* AVAILABLE DATA *
[Start of Attachment]
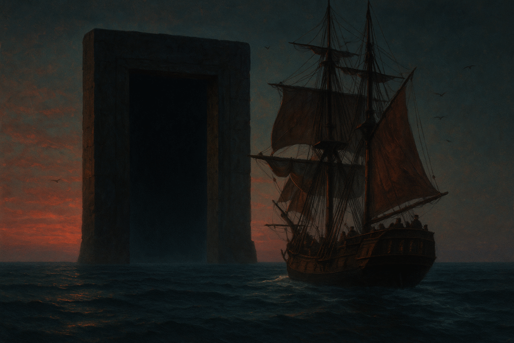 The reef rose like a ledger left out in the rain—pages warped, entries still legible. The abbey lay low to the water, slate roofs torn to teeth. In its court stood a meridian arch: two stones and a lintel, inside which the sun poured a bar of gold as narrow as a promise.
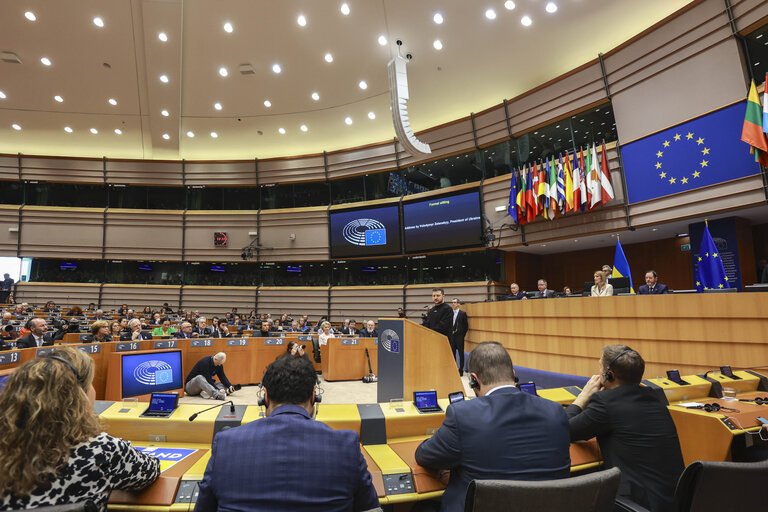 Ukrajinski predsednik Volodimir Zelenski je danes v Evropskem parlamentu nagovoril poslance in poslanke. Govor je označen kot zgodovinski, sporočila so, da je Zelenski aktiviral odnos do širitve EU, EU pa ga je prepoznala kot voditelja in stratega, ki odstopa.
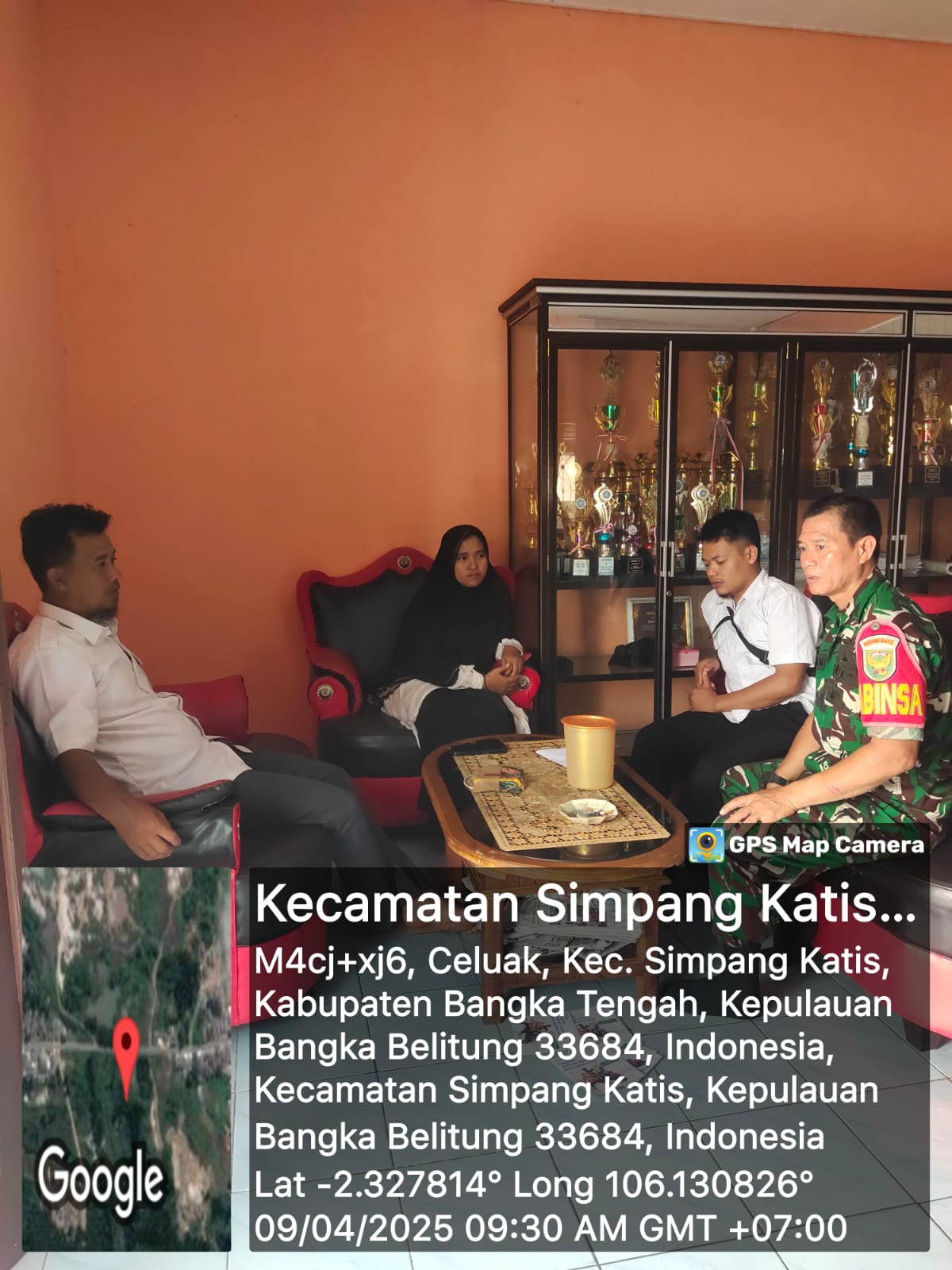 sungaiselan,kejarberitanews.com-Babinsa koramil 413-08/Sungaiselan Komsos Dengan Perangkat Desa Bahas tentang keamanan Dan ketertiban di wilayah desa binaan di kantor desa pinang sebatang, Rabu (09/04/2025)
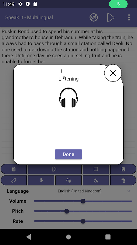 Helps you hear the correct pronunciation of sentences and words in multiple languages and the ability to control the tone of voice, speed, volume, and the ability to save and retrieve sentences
[End of Attachment]
* ACTION ITEM *
To answer, repeat exactly the lines from the line containing "sebatang, Rabu (09/04/2025)" through the last line of the data above, leaving out all pictures.

* YOUR RESPONSE *
 sungaiselan,kejarberitanews.com-Babinsa koramil 413-08/Sungaiselan Komsos Dengan Perangkat Desa Bahas tentang keamanan Dan ketertiban di wilayah desa binaan di kantor desa pinang sebatang, Rabu (09/04/2025)
 Helps you hear the correct pronunciation of sentences and words in multiple languages and the ability to control the tone of voice, speed, volume, and the ability to save and retrieve sentences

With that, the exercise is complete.